As developing nations around the world become more industrialized, the thirst for oil is growing. Some experts forecast that the global demand for oil will exceed 100 million barrels per day by next year.
Meeting this demand is a major challenge for oil companies, especially with many of the most readily available reserves of oil already tapped. Exploration for new sources of oil is expensive and difficult. As they strive to meet this challenge, many energy companies are using high-performance computing solutions to give them an advantage.
These companies employ HPC solutions to crunch complicated sets of data, such as seismic surveys and 3D imaging, which must be processed with sophisticated algorithms to analyze and visualize the data. The machines must be able to manage petabytes (quadrillions of bytes) of data, and the demands on them are only growing, as energy companies strive to make better decisions in exploration more rapidly.
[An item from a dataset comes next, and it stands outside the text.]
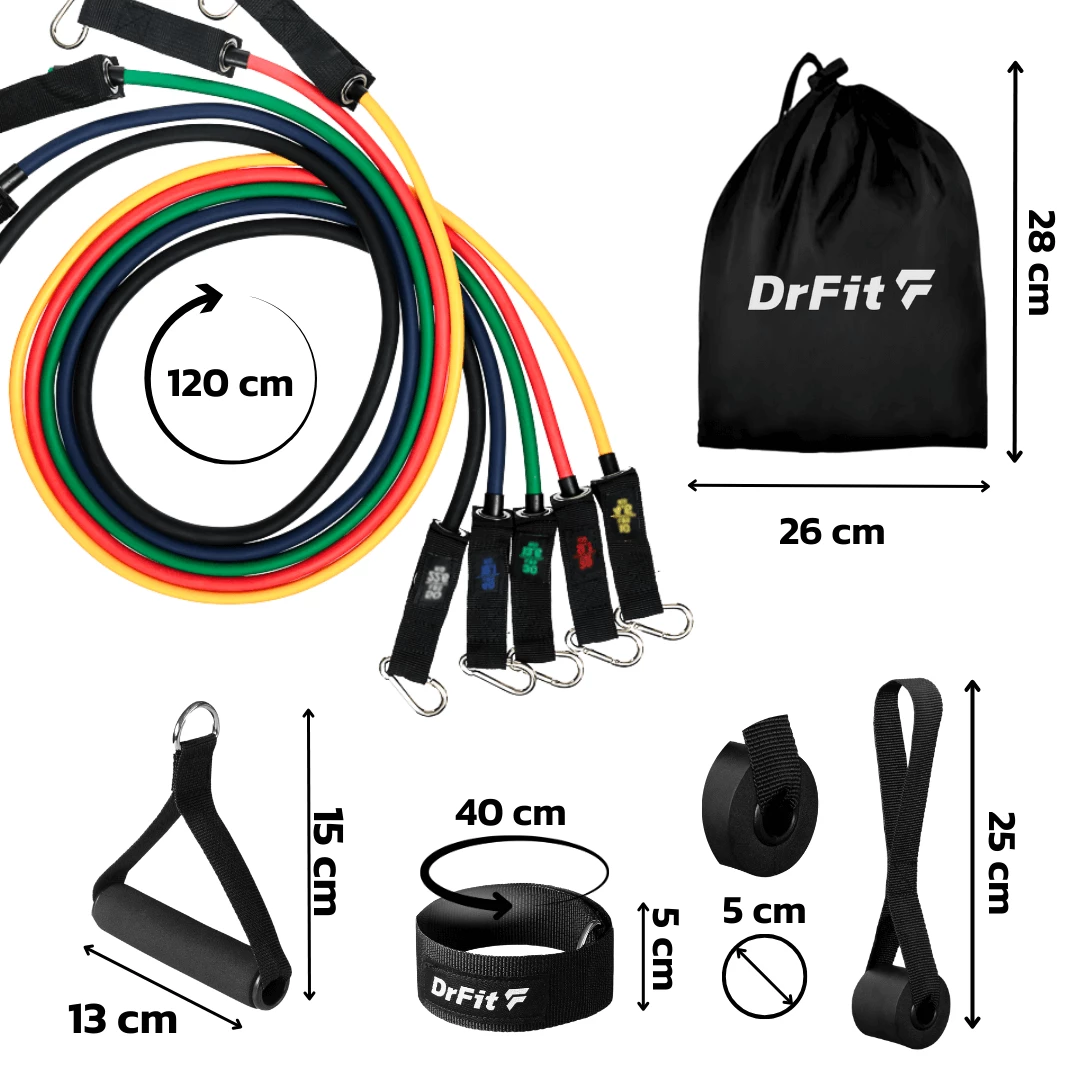 W zestawie DrFit znajdziesz gumy o różnych stopniach oporu, co daje Ci pełną możliwość dopasowania intensywności ćwiczeń do swoich indywidualnych potrzeb i celów.

“Faster data processing and analysis lead to insights that can be leveraged to make real-time decisions with billion-dollar implications,” writes Tom Tyler of HPE. “And those companies making shrewd investments in HPC are enjoying a leg up on the competition, while gaining significant returns across the enterprise.”
HPCs Help Energy Firms Discover New Reserves
The results that energy companies have seen from their use of HPC for exploration have been remarkable. In 2017, BP discovered oil reserves estimated at more than 200 million barrels at a drilling field in the Gulf of Mexico. The oil has been hidden for years by a salt dome, which can distort seismic images and make data more difficult to analyze. Drilling for oil is a costly proposition under any condition but even more challenging in the ocean, and mistakes can be extremely expensive for energy companies. However, the greater power of the BP system helped it more confidently determine that it could profitably drill in the location.
“This new system, with 2,700 Apollo 6000 nodes, is equipped with Intel Knights Landing chips, a 100GB low-latency network for processing speed from 4 to 9 petaflops, 1,140TB of active memory, and 30PB of storage. This extreme power enables BP to quickly analyze petabytes of seismic data, which recently resulted in the identification of 200 million barrels of potential oil reserves nearly 7 miles below the ocean floor.”
Similarly, the multinational energy company Eni employs the most powerful supercomputer in commercial use to simulate 15 years of oil reservoir production. The supercomputer, known as HPC4, uses 3,200 Nvidia Tesla graphics processing units and can perform 18.6 quadrillion floating point operations per second. (By comparison, the most powerful supercomputer in the world, the U.S. Energy Department’s Summit, can perform 200 petaflops.) HPC4 processed 100,000 reservoir models in about 15.5 hours, a task that would have taken older systems 10 days to complete, experts say.
Advanced Use Cases for the Energy Industry
Energy companies employ high-performance computing in a variety of ways. These include:
- Using remote 3D visualization to locate valuable oil reserves
- Reducing the time needed for analysis of exploratory data (by shrinking the time needed to retrieve oil from new sources, energy companies can speed their time to profit)
- Improving reclamation projects for existing wells by employing deep learning solutions on geologic data
- Monitoring data from oil pipelines and analyzing it in real time to detect and report problems
Companies that employ these capabilities give themselves an advantage over their competitors and move closer to meeting the increasing demand for new sources of energy.